Data from 331 out of 435 councils also showed

  • 10 councils have no council-run toilets (Newcastle, Merthyr Tidfil, Wandsworth..)
  • 22 councils have only one (Manchester, Stockport, Tamworth..)
  • Highland Council has 127, Pembroke 73, Cornwall 65.
  • 4/5 councils have cut expenditure since 2011, with £21 million less spent in total (a reduction of 1/3)
  • 43 councils have reduced their budgets by more than 70%.

It’s very exciting to see data produced on toilet closures, considering the scale and importance of the issue. This up-to-date information is so useful when it comes to campaigning for better access to toilets.

I’m particularly obsessed interested in the data itself, particularly its accuracy, and what it says about the accuracy of other sources out there. So how does this data compare with our own analysis, over the years?

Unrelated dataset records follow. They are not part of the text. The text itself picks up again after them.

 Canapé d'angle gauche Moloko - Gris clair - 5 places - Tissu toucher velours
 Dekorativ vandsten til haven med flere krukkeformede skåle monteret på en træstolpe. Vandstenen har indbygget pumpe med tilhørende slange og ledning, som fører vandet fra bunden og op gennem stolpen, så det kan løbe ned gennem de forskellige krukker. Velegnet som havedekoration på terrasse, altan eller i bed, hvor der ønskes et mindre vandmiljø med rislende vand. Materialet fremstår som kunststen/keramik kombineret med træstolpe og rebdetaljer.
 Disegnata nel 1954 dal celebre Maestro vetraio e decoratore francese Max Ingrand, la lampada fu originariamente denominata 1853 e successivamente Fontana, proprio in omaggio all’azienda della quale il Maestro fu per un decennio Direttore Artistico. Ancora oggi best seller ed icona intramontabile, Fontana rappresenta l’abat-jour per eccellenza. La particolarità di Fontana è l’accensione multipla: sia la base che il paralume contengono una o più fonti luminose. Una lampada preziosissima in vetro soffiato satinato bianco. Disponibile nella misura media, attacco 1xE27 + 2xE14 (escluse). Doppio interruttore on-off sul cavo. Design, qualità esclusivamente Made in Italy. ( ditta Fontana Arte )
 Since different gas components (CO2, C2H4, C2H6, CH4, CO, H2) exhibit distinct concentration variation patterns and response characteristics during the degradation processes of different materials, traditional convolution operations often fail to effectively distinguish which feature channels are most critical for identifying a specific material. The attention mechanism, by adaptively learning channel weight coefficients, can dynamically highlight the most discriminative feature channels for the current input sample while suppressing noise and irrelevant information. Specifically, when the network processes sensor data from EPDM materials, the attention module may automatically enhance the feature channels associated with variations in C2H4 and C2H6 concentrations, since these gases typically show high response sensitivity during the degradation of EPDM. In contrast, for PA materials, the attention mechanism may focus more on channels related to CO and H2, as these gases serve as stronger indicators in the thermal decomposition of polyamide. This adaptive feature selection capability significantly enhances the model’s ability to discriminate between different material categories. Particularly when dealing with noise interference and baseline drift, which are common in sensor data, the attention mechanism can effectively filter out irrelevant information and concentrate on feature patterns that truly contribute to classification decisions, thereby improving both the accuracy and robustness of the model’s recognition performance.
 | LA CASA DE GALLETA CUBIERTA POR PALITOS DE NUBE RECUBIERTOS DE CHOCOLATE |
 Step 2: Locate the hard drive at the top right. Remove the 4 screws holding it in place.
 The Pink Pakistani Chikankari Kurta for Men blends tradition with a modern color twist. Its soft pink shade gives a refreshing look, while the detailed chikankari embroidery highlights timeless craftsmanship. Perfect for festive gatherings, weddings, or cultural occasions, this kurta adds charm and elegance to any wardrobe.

  • In 2014 we found 8 councils providing no council-run toilets from our FOI requests: Copeland, Hambleton, Bolsover, Shropshire, Breckland, North-east Derbyshire , North Dorset and Tewkesbury.  Regarding those picked out by BBC Breakfast as not having any toilets: in 2014 Newcastle then listed 7 on their website, Merthyr Tidfil had 8 (via our FOI) and Wandsworth still had their Community Toilet Scheme of 70+ facilities.
  • Our top three were Gwynedd (121 toilets), Highland (111 toilets) and City of London (92 toilets). Gwynedd and City of London both have Community Toilet Schemes within these numbers, which would account for their failure to make the BBC top 3.
  • We only consider there to be 406 or 407 councils at the tier of local government that is responsible for public toilets, not the 435 reported above which refers to all UK councils; county councils are not relevant. Nit-picking, yes, however, parish and community councils are stepping in more and more, so this issue is set to become massively more complicated. It’s unclear whether this would be picked up in the BBC data – a toilet that is no longer run by the district council would appear as a reduction in council-run facilities, so would this be therefore a ‘closure’, even if the community or parish council was now running it?
  • In terms of closures, the best data we’ve had so far came from using the Valuation Office Data for England and Wales, which lists how many toilets are eligible for business rates each year, where I found a 28% reduction in public toilets since 2000. The BBC data says 1782 toilets have closed in the UK since 2006. I have numbers from the Valuation Office Agency from 2004 and 2008 but not 2006; these show a reduction in numbers of 1156 toilets and 701 toilets respectively. However, consider that the VOA data doesn’t include Scotland or Northern Ireland. There’s also not an exact correlation between ‘council-run public toilets’ in the BBC’s report and ‘public conveniences subject to business rates’ in the VOA data. Whichever definition is used, we’ll still end up with a figure north of 1000 toilets closed in 10 years for the whole of the UK.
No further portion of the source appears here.